* [EXERCISE AIM]
Pictures stay out of the output. Return exactly the lines below from the one with "को अवकाश घोषित।*" down to the one with "These triangle drop", both included, and nothing more.

RECORD SET Block Start

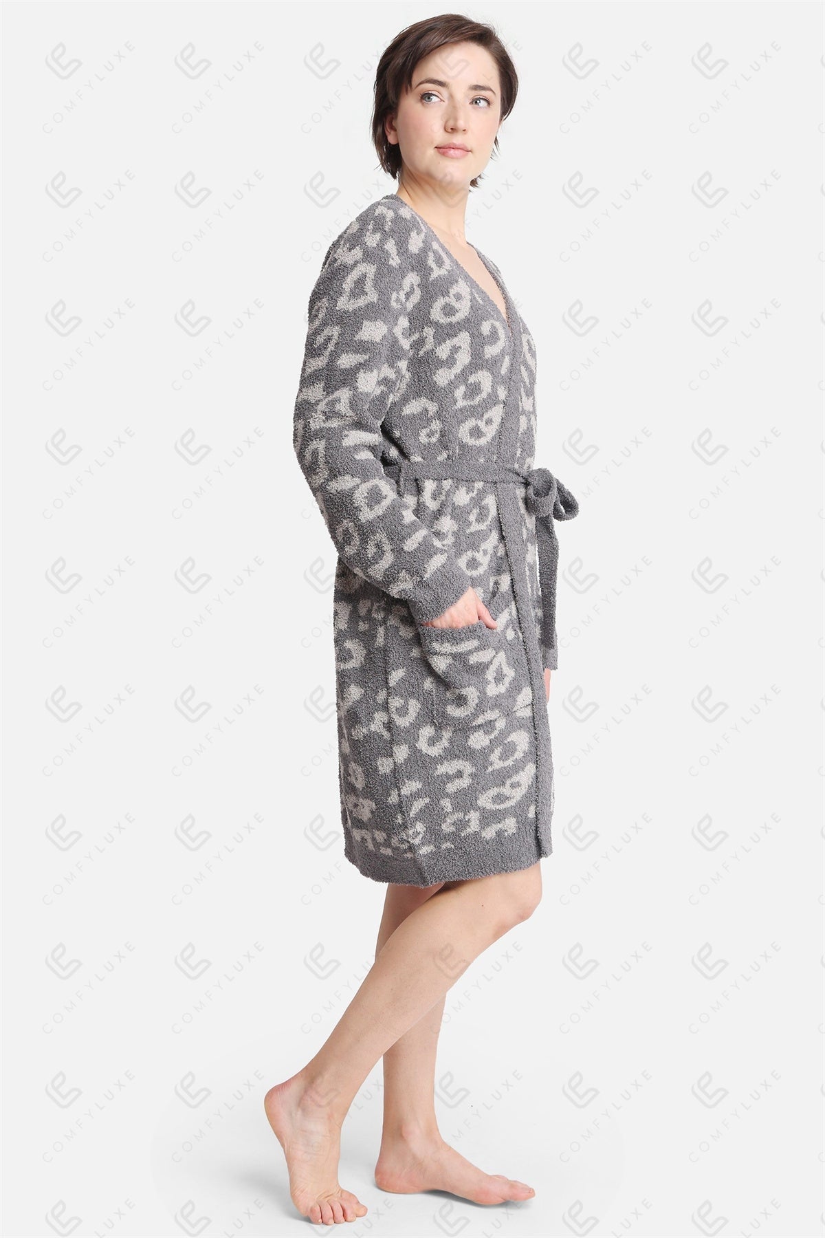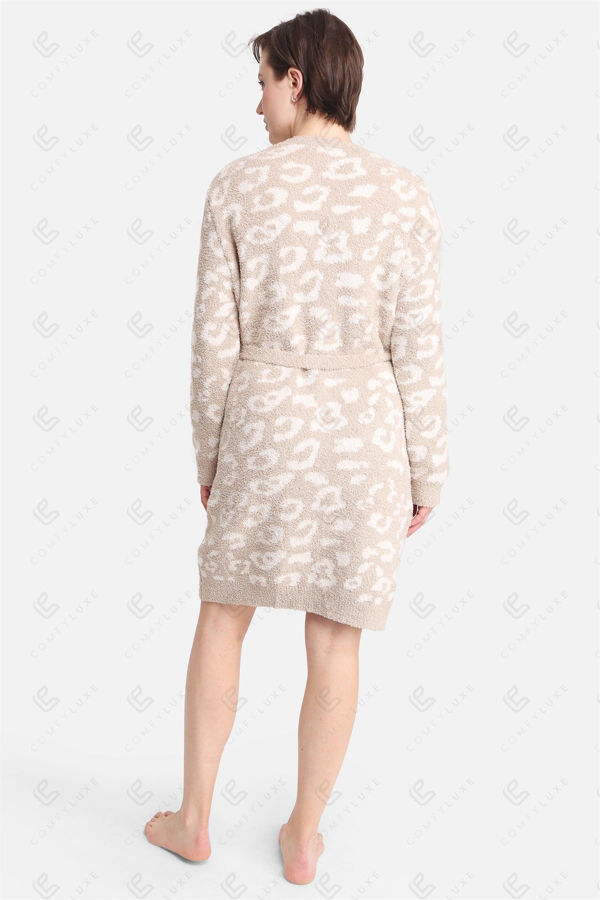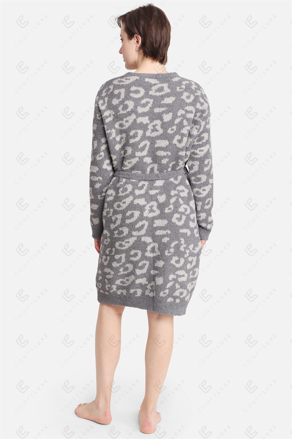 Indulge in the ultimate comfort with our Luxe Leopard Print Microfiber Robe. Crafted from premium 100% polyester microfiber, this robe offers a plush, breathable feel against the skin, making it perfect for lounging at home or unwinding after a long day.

RECORD SET Block End
RECORD SET Block Start

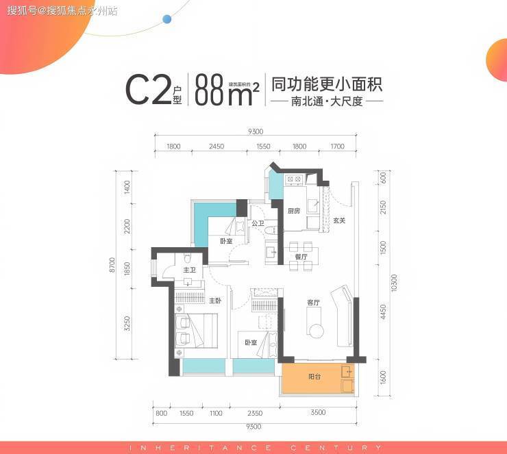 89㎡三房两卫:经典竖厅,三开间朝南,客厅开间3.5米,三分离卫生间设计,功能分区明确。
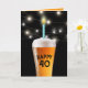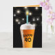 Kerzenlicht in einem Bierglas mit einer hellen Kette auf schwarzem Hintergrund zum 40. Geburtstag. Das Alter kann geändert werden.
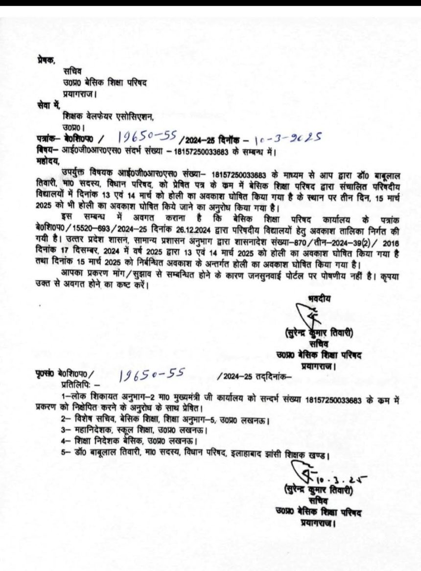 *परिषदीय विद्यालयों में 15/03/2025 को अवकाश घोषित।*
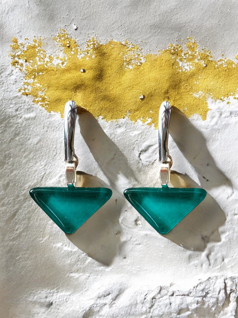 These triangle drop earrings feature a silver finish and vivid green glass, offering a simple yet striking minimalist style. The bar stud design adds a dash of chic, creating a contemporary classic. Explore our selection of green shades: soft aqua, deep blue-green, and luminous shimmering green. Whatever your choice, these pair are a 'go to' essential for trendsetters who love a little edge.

RECORD SET Block End
RECORD SET Block Start

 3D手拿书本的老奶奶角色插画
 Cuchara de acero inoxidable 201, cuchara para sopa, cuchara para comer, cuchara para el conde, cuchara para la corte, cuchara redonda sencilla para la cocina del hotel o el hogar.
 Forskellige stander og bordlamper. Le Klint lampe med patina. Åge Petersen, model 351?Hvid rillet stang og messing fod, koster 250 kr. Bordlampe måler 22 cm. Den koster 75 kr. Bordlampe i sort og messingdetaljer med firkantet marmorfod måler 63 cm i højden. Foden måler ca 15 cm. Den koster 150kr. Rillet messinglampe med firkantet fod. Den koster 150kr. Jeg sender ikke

RECORD SET Block End

* [OUTPUT OF THE EXERCISE]
 *परिषदीय विद्यालयों में 15/03/2025 को अवकाश घोषित।*
 These triangle drop earrings feature a silver finish and vivid green glass, offering a simple yet striking minimalist style. The bar stud design adds a dash of chic, creating a contemporary classic. Explore our selection of green shades: soft aqua, deep blue-green, and luminous shimmering green. Whatever your choice, these pair are a 'go to' essential for trendsetters who love a little edge.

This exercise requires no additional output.